Segment Start: Collected material
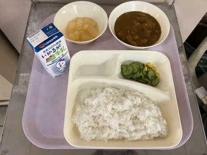 今日の給食は、チキンレバーカレーライス、牛乳、きゅうりとコーンのサラダ、洋なし(カット缶)、です。
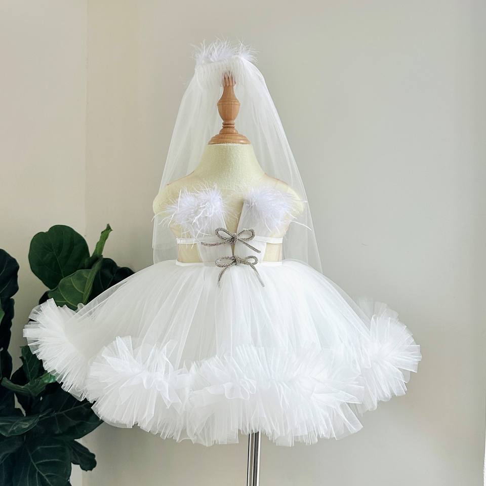 2025 Kids Glitter Birthday Dress White Color Princess Style Fluffy Dress for Girls Nhung Nguyen Birthday Party Dresses
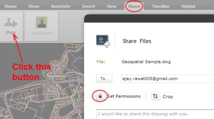 - Just next to View option, you will find Share option. Hit this Share option to share a selected drawing to desired people. After hitting this option, you need to click on the given Share button. A pop up will open up just after this. Here, you need to provide the email address of desired person(s).
Segment End: Collected material
[What you need to do] Print the lines from the line containing "2025 Kids Glitter" through the last line of the listing, exactly as they stand, and leave any pictures out.

[Solution to the exercise]
 2025 Kids Glitter Birthday Dress White Color Princess Style Fluffy Dress for Girls Nhung Nguyen Birthday Party Dresses
 - Just next to View option, you will find Share option. Hit this Share option to share a selected drawing to desired people. After hitting this option, you need to click on the given Share button. A pop up will open up just after this. Here, you need to provide the email address of desired person(s).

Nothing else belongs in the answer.